Yaşadığım acılar her şeyi bilmediğimi, öğrenmem gereken çok şey olduğunu
gösterdi ve yalnız bilgi yönünden değil,
insan olarak gelişmem gerektiğine ikna oldum”. (bk. https://dogancuceloglu.net/yasam-yolculugu/)
Sorun nedir?
İnsan davranışını konu alan bir
bilim dalında lisans ve lisans üstü eğitim almış bir insanın özeleştirisi hiç
de önemsiz görülemez!
Bu özeleştiri ağaç, motor vs
alanlarda değil insan üzerine eğitim alan birine ait olduğundan sorgulanması
gereken bir mesele olarak karşımıza çıkıyor.
Elbette farklı açıklama
yapılabilir: (a) Bilgi eksikliği, (b) tutum ve davranış sorunu veya (c)
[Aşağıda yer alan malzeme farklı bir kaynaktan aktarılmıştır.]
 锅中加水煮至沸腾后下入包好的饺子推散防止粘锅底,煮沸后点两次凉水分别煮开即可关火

deneyimleme ve öğrenme meselesi…
Bu örnekte bilgi sorununda ziyade
(konu ile ilgili eğitim almış) deneyimleme ve öğrenme (bilginin
yapılandırılması) ile ilgili olduğu düşüncesindeyim.
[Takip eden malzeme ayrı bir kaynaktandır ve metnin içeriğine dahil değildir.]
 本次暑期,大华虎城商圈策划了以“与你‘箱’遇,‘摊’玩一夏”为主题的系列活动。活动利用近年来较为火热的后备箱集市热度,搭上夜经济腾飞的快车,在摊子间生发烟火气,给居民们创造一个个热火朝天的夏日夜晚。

Her insan bir şekilde sınanır.
Bundan olumlu bir deneyimleme ile çıkabilirse yüksek bir erdeme erişebilir. Deneyimleme
insan hayatında önemli bir öğrenme şeklidir.
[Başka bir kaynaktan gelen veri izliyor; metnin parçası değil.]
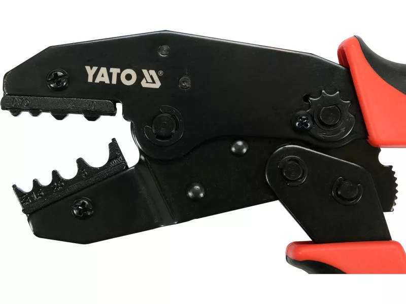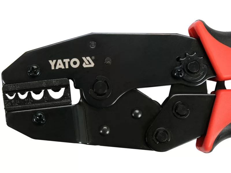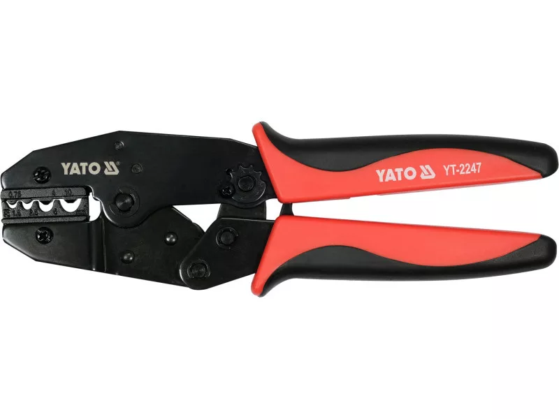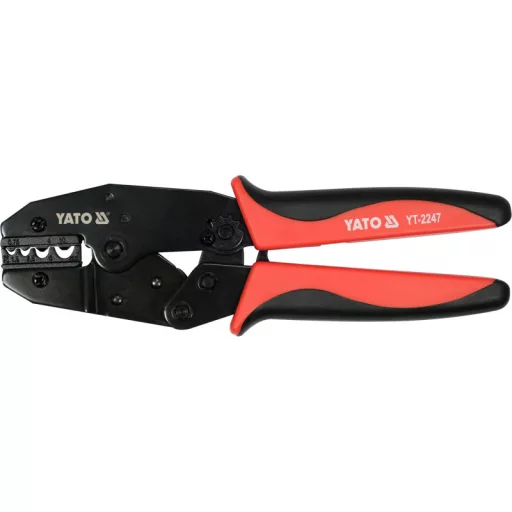 The YT-2247 pliers for crimping crimp connectorsós, with a blackened surface to protectór against corrosion and plastic handle caps. The ratcheting mechanism allows quick and precise clamping without excessive force.

Doğan hoca deneyimleyerek mevcut
olan psikoloji bilgisi yanında daha yüksek erdemlere ulaşmış olabilir. Kendini
bile eleştirmesi buna işaret etmektedir.
Deneyimleyerek öğrenme konusuna
sonraki yazıda devam edelim.
Sonsöz: İçinizdeki canavar farkına
varmazsanız sizi yer.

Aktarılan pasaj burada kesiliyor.